Purpose: Fentanyl was reported to inhibit the alpha(1)-adrenoceptor agonist-induced contraction. The goal of this in vitro study was to identify the alpha(1)-adrenoceptor subtype primarily involved in the fentanyl-induced attenuation of phenylephrine-induced contraction in isolated endothelium-denuded rat aorta.
Materials and methods: Aortic rings were suspended in order to record isometric tension. Concentration-response curves for phenylephrine (10(-9) to 10(-5) M) were generated in the presence or absence of one of the following drugs: fentanyl (3 x 10(-7), 10(-6), 3 x10(-6) M), 5-methylurapidil (3 x10(-8), 10(-7), 3 x 10(-7) M), chloroethylclonidine (10(-5) M) and BMY 7378 (3 x 10(-9), 10(-8), 3 x 10(-8) M). Phenylephrine concentration-response curves were generated in the presence or absence of fentanyl in rings pretreated with either 3 x10(-9) M prazosin, 10(-9) M 5-methylurapidil or 3 x 10(-9) M BMY 7378.

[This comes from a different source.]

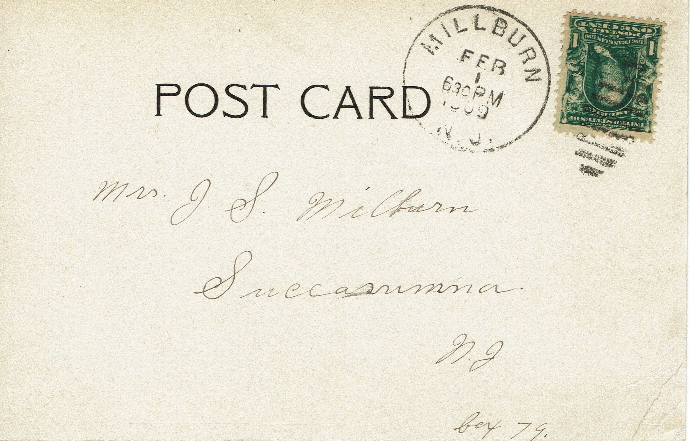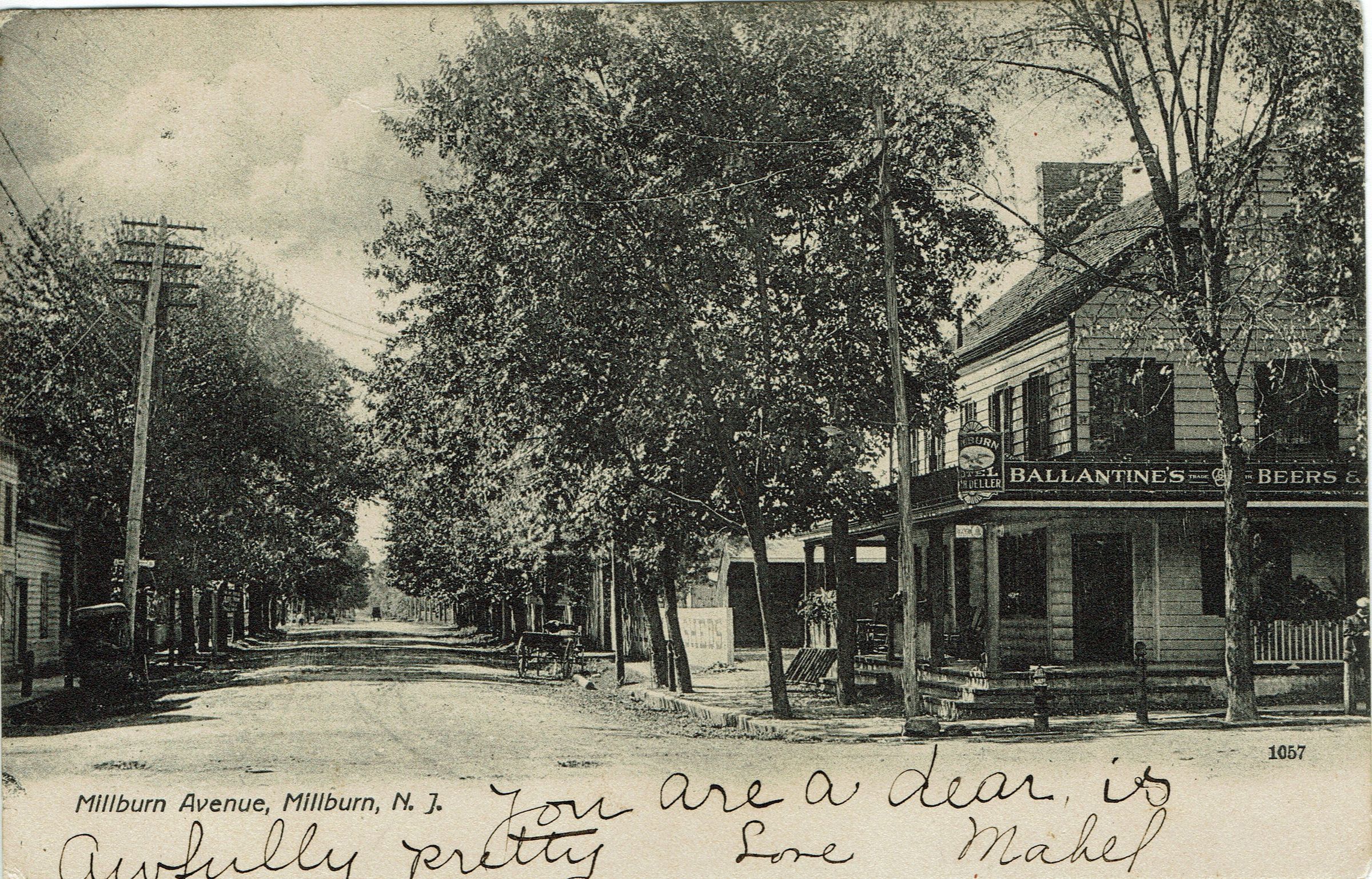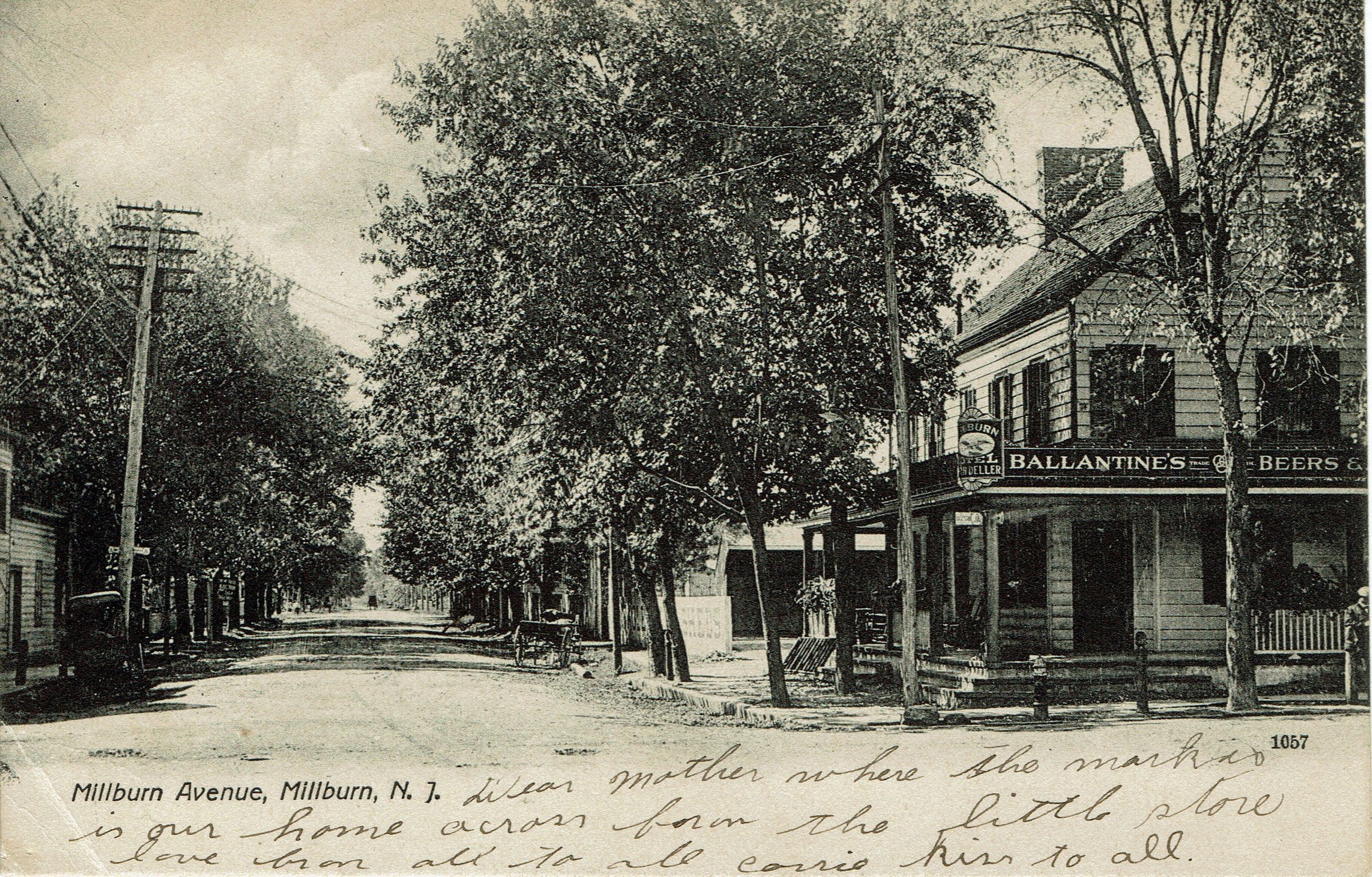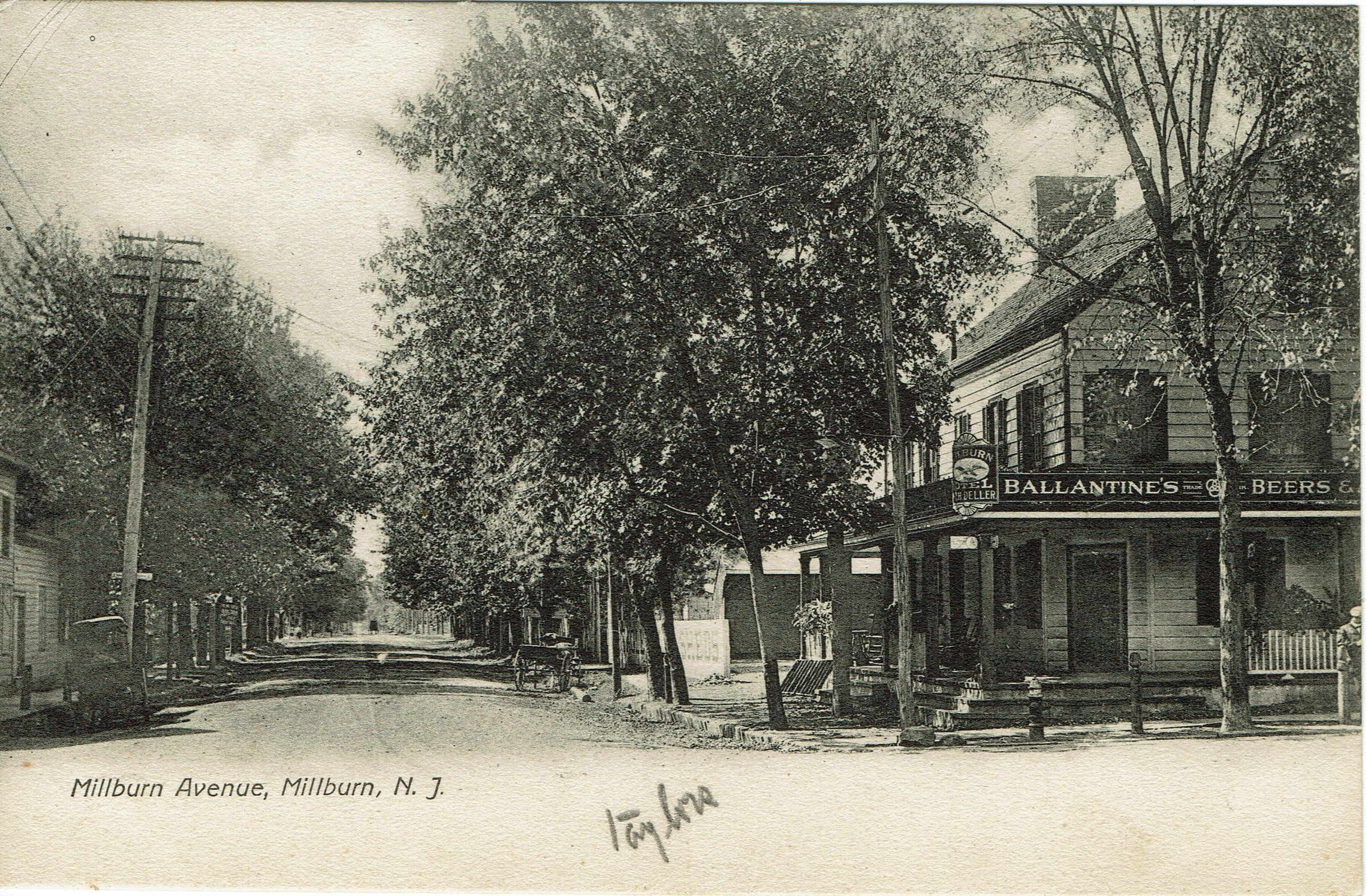 3 B&W photographic postcards of the intersection of Millburn Avenue and Main Street. Two postally used, postmarked Millburn, November 19, 1905 and February 1, 1909. Third postcard is unused. The building in the right side, with the Ballantine's Beer Sign is the Millburn Hotel. The store located at what is now 344 Millburn Avenue, was run by the McCollum Brothers (William E., William W. and William H. McCollum) and sold groceries and dry goods.Collection
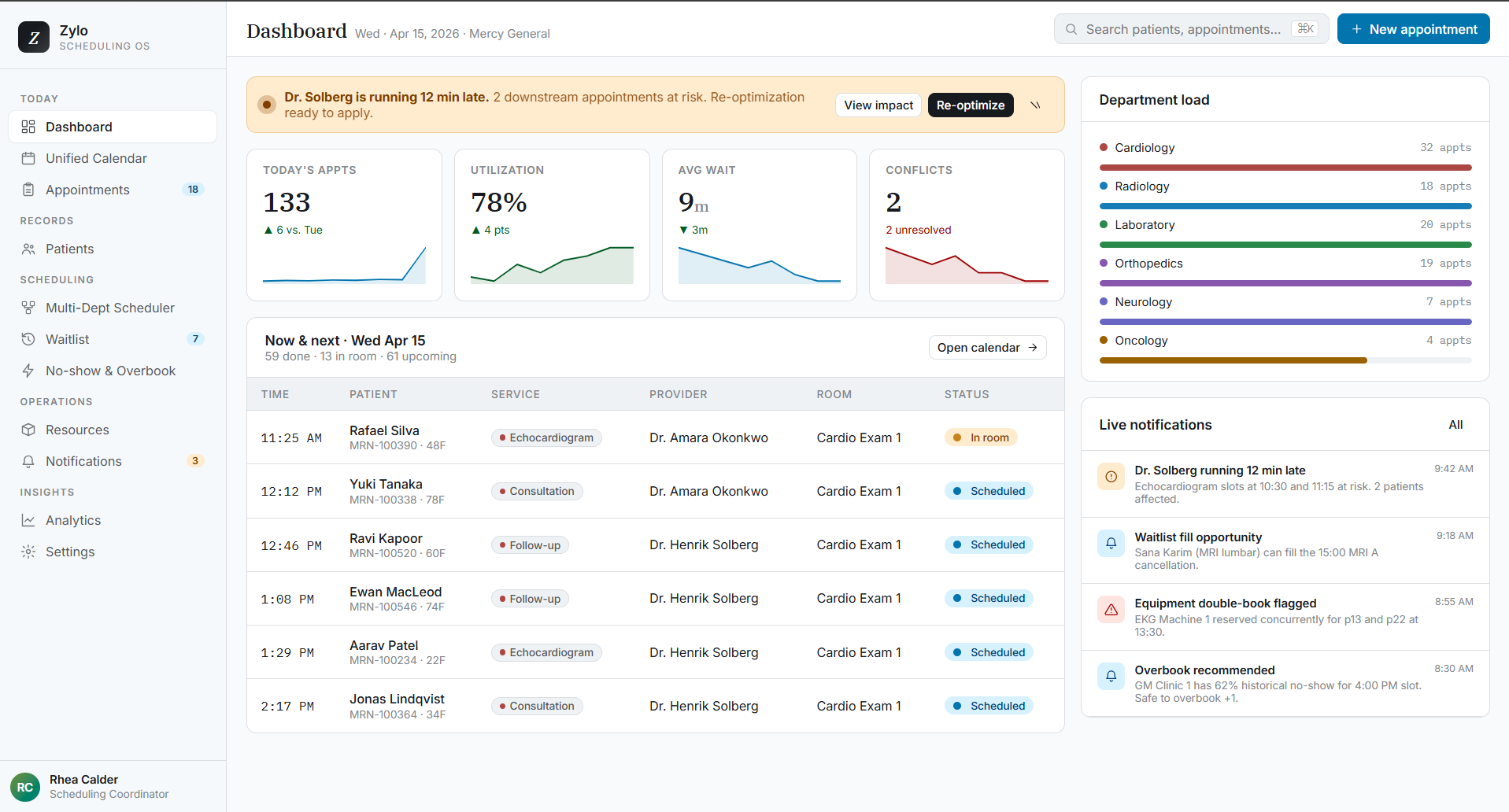 Zylo is an intelligent healthcare scheduling platform that dynamically coordinates patients, providers, departments, and resources in real time.

Results: Fentanyl (10(-6), 3 x 10(-6) M) attenuated phenylephrine-induced contraction in the rat aorta. 5-Methylurapidil and BMY 7378 produced a parallel rightward shift in the phenylephrine concentration-response curve. The pA(2) values for 5-methylurapidil and BMY 7378 were estimated to be 7.71 +/- 0.15 and 8.99 +/- 0.24, respectively. Fentanyl (10(-6) M) attenuated phenylephrine-induced contraction in rings pretreated with 10(-9) M 5-methylurapidil, but did not alter the rings when pretreated with 3 x 10(-9) M BMY 7378. Pretreatment of the rings with chloroethylclonidine showed a 72.9 +/- 2.3% reduction in phenylephrine-induced maximal contraction.
Conclusion: The results suggest that fentanyl attenuates phenylephrine-induced contraction by inhibiting the pathway involved in the alpha(1D)-adrenoceptor-mediated contraction of the rat aorta.
Keywords: 5-methylurapidil; BMY 7378; Fentanyl; phenylephrine; prazosin; rat aorta.